The mother, being a Thing, has a main loop and a message bus. Child connect and disconnect messages are generated on the mother bus when a child connects or disconnects. The mother also decides which Things can connect. In the example above, we have two orange Things and one yellow Thing connected. The mother prevented a green Thing from connecting, maybe because the green Thing didn't have the correct SSH key or the mother isn't connecting green Things.

The Thing-to-mother connection is always secured by an SSH tunnel.

Bridges

Every mother Thing has a bridge message bus, and each child Thing is connected on the bridge bus (via Thing Prime). The bridge bus is a broadcast domain, in which all child Things can reach each other by broadcast. The mother controls the forwarding of messages on the bridge bus, AKA the forwarding rules, to children.

Let's simplify the diagramming and show a mother Thing with children:

The mother (being a Thing) has a UI, and thru the mother's UI, each child UI is available as /<child_id>.

Now, let's define three types of bridges based on bridge bus forwarding rules:

  • A strict bridge implementation would broadcast all incoming packets to all other children, maximally connecting all children.
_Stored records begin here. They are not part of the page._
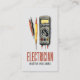 Tarjeta de negocios moderna de Electricista. Diseño con acuarela El logo de Electrician sobre un fondo gris brillante, el guión tipográfico ''Electricista'' en letras de moda y un nombre en la parte delantera. Personaliza más con tus datos de contacto en la parte posterior. Para editar, haga clic en los cuadros "Editar esta plantilla de diseño" en el lado derecho del elemento/ o haga clic en el botón azul "Personalizar" para organizar el texto, cambiar los tipos de letra y colores y también añadir información o imágenes adicionales a este diseño.
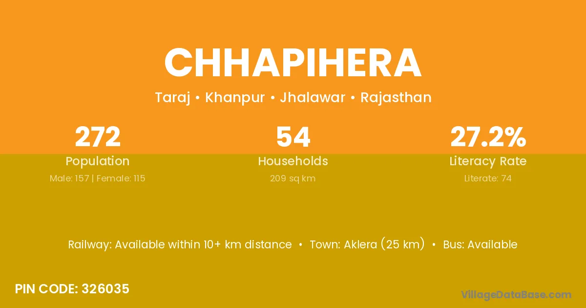 Aklera (25 km) is the nearest town to Chhapihera village for major economic activities and is located approximately 25 km away.
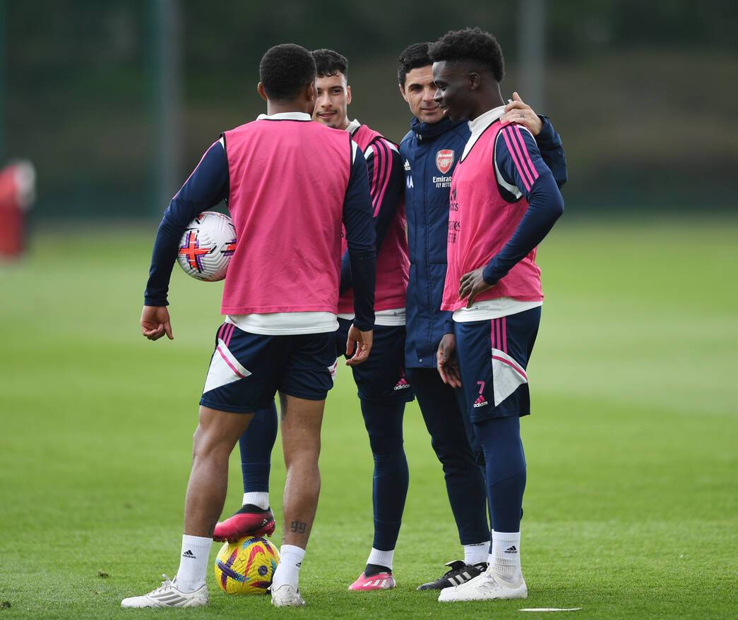 Mikel Arteta, Bukayo Saka and Gabriel Martinelli in training
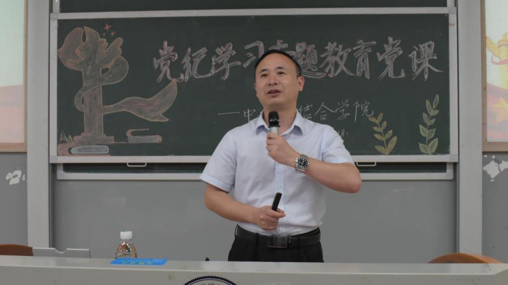 张国民书记结合中国共产党发展历程,深入阐述了中国共产党的纪律严明,阐明了青年师生应如何更好地认识党纪这一问题,并通过案例分析综合介绍了何为纪律性、为何需要纪律及纪律底线的不可触碰性,向中西医结合学院师生党员、入党积极分子分享了自己关于《中国共产党纪律处分条例》的学习收获。
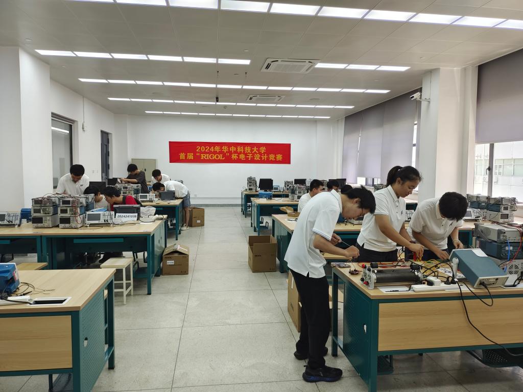 8月5日,我校在东十七楼F区举办了2024年华中科技大学首届“RIGOL”杯电子设计竞赛。全校共有15支队伍参与此次竞赛,覆盖题目类型包括A、B、C、G题。5支队伍获得了省三等奖(校级评审最高奖项),获奖队伍成员来自集成电路学院、电信学院和光电学院。
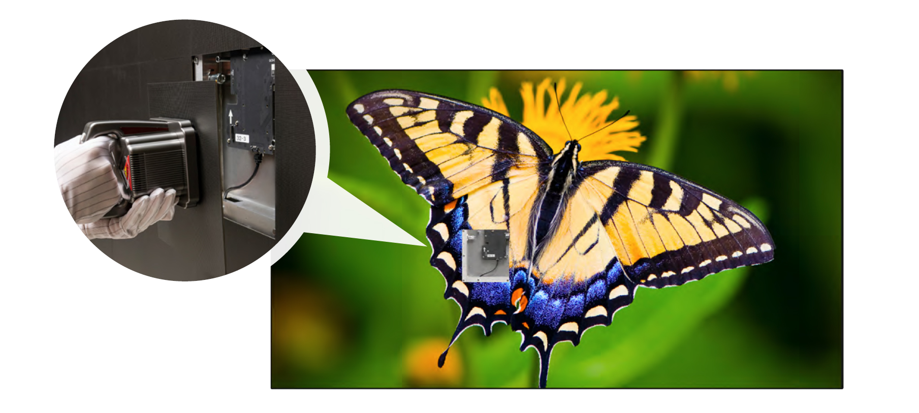 AUO Display Plus LX-130 LED 拼接顯示系統模塊化設計維護更換 LED 模塊,無需移動整個顯示器或從困難的位置進入。可熱插拔的 LED 模塊可以使用真空抽吸工具輕鬆移除,以便從正面進行快速維護。
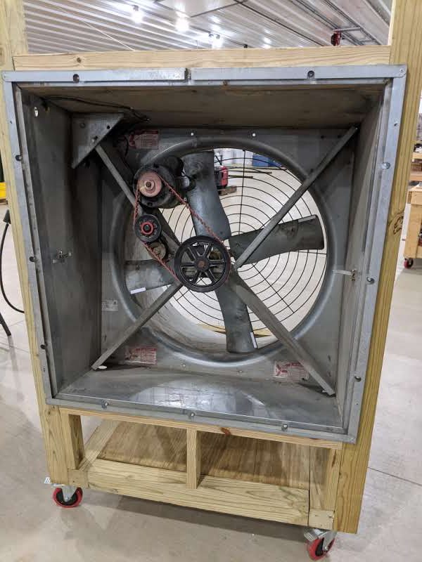 - Figure 2. A 36-inch galvanized fan with cone demonstration unit. The fan has a 1⁄2 hp motor with a switch on the start capacitor to demonstrate a “working” capacitor and a “dead” capacitor. Fan shutters removed for clarity.

The CAN Bus Bridge example broadcasts all incoming CAN bus messages to all other children.

  • A hub is a bridge with a single forwarding rule to drop all incoming packets. That doesn't seem very useful because the children are cut off from messaging each other, but the children have a trick up their sleeve: each child Thing Prime has a full UI accessible thru the mother's web server, so we can see what each child is up to from one central location, the hub. Check out the hub example.

  • A controller is a bridge that is a hybrid of a strict bridge and a hub. A controller's forwarding rules implement controller logic, directing traffic between children or sending new messages to children. The Thermostat Controller example bridges two children, one sensing the temperature, and the other controlling a relay to a furnace or air conditioner. The controller toggles relays based on the temperature reading.